In the following post, you will learn about one of these elements – curium. This element was identified by an American chemist Glenn T. Seaborg and his colleagues in 1944. The atomic number of curium is 1996, and it is extremely useful in multiple scientific researches. Generally, the production of curium occurs by neutron bombardment of plutonium or uranium in nuclear reactors. 

Here are more details about curium. Let’s start learning!

Curium Element

Curium is a synthetic chemical element and one of the elements from actinoid series. It is known to be the 3rd transuranium element discovered yet. Curium is named after the famous French physicist and chemist Pierre Curie and Marie Curie who are regarded as the pioneer of radioactivity. Cm suggests as curium symbol in chemistry. 

Initially, curium was obtained by bombarding helium ions on one of the plutonium isotopes – Pt-239. It is a radioactive, chemically active, electro-positive substance that has specific magnetic properties. Its resistivity increases along with the inclining temperature. 

Scientists who also involved with Seaborg in the discovery of curium were – Albert Ghiorso, Ralph A. James. These are some vital curium element facts that you must know.

Properties of Curium

As a chemical substance, this metal has some unique properties. Below are some physical and chemical properties of curium.

Physical Properties of Curium

Chemical Symbol of Curium

Cm

Curium Atomic Number

96

Colour

Metallic silver.
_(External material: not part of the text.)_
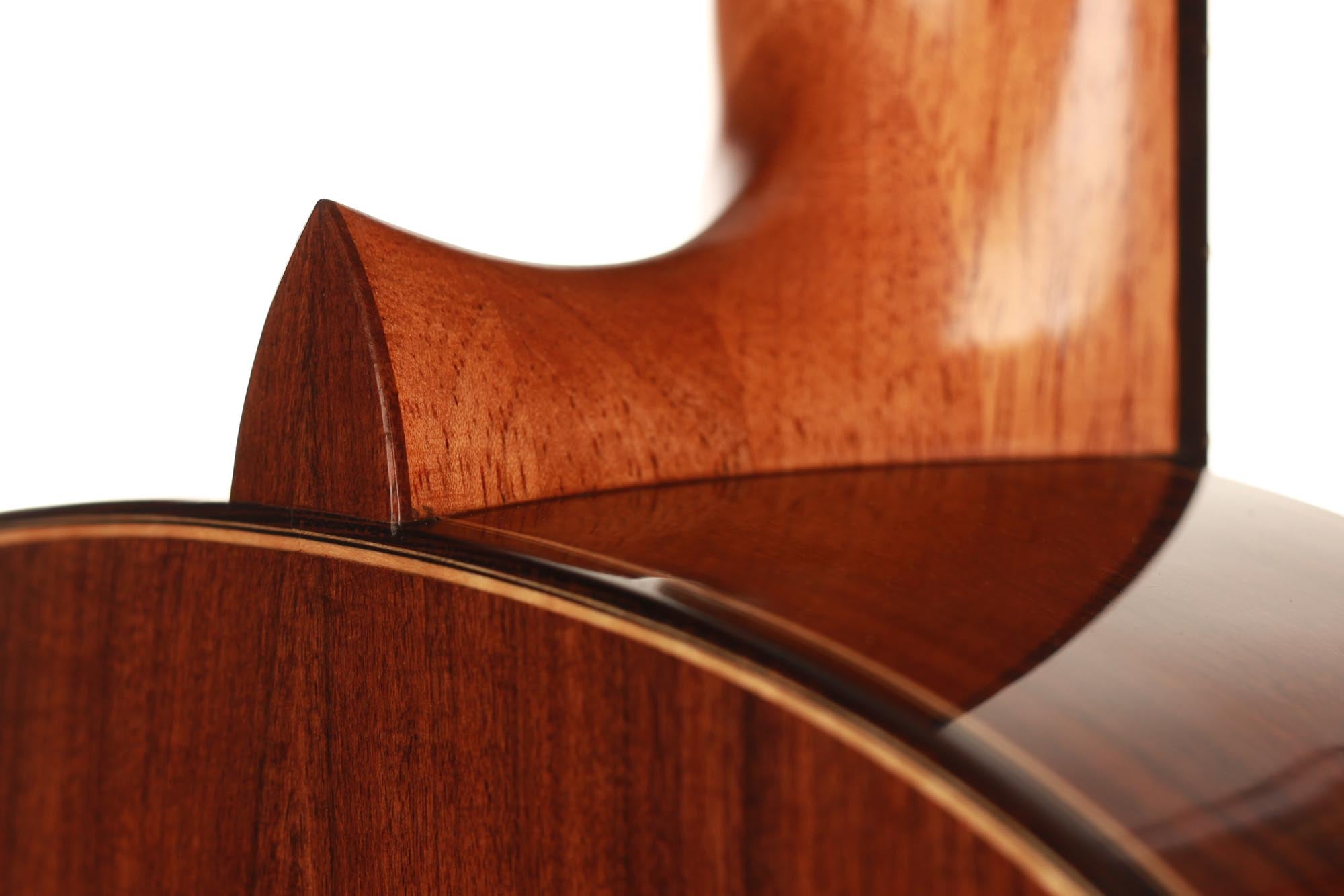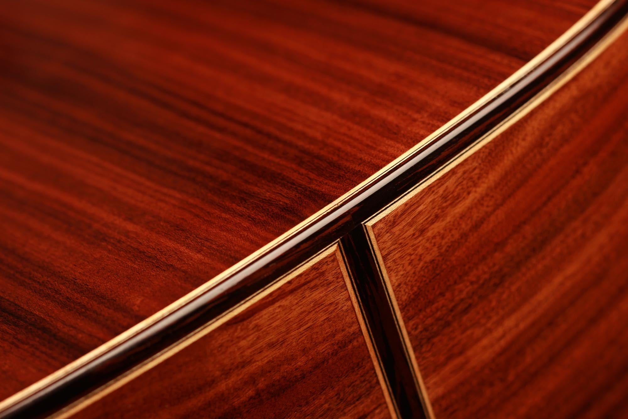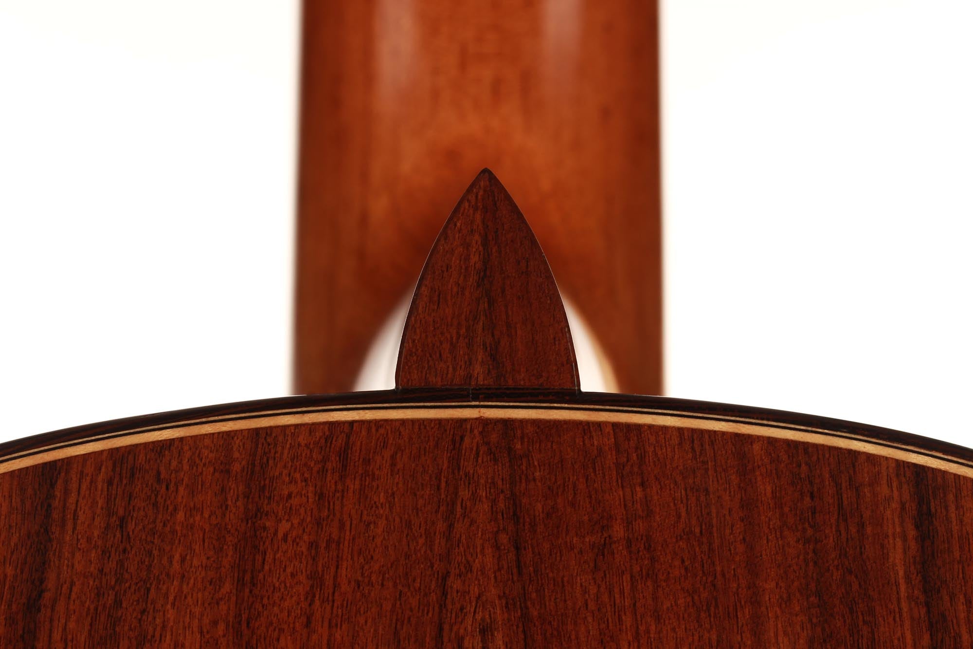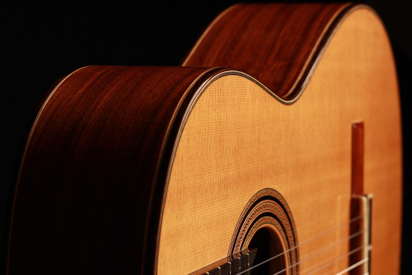 This guitar is almost like new and has only a few superficial playing marks. The soundboard has taken a magnificent colour in recent years and now seems to come directly from the 1940s. This optical characteristic of maturity and elegance is reflected in the sound of this guitar. The bracing is reminiscent of Daniel Friederich's guitars of the 70s and the sound is of phenomenal transparency and complexity. The basses are generous and support the crystalline trebles to create a very rich, noble and harmonically balanced guitar.

Due to its high radioactivity, it glows purple when in the dark.

Classification

Metallic.

State

Solid at standard temperature (20oC).

Structure

Crystal structure with double hexagonal close-packed.

Occurrence

Synthetic

Odour

Odourless

Relative Atomic Weight 

247 gram per mole

Group

Actinides

Period and Block

7 – f

Electron Configuration of Curium 

[Rn] 5f7 6d1 7s2

Melting Point of Curium 

1340oC, 1613 K, 2444oF

Boiling Point of Curium

3110oC, 3383 K, 5630oF

Density of Curium 

13.51 gram per cm

Common Isotopes

Cm- 242, Cm-243, Cm-244, Cm-245, Cm-246, Cm-247, Cm-248, Cm-250

Main Isotopes

Cm-243, Cm-248


Chemical Properties of Curium

Coordination Number

Commonly its complexes show 9-fold coordination.

Oxidation 

+3, +4, +5, +6

Toxicity

Highly toxic. Curium can be piled up in various human organs like lungs, bones, and liver. It can also cause cancer.

Reactivity

It oxidises easily and creates fluorescent complexes.

Electronegativity

1.3 Pauling

Heat of Fusion

15 Kilojoule per mole 


Preparation

The preparation of metallic curium occurs by reducing its components. Primarily, curium (III) fluoride was utilised to produce metallic curium. This specific reaction was initiated in a synthetic environment that is free from oxygen and water. The environment was created inside an apparatus that was composed of tungsten and tantalum. Moreover, lithium or barium was used as reducing agent.

CmF₃ + 3 Li 🡪 Cm + 3 LiF

Another way of obtaining metallic curium is by reduction of curium (IV) oxide. This reaction can be conducted by using zinc-magnesium alloy in a mixture of magnesium fluoride and magnesium chloride.

Compounds of Curium

  • Oxides

As said earlier, there are four oxidation states of curium available. However, +3 oxidation compounds are mostly found. This metal reacts readily with oxygen and produces (primarily) CmO₂ and Cm₂O₃  oxides. Nonetheless, another divalent oxide CmO can also be found by different reactions.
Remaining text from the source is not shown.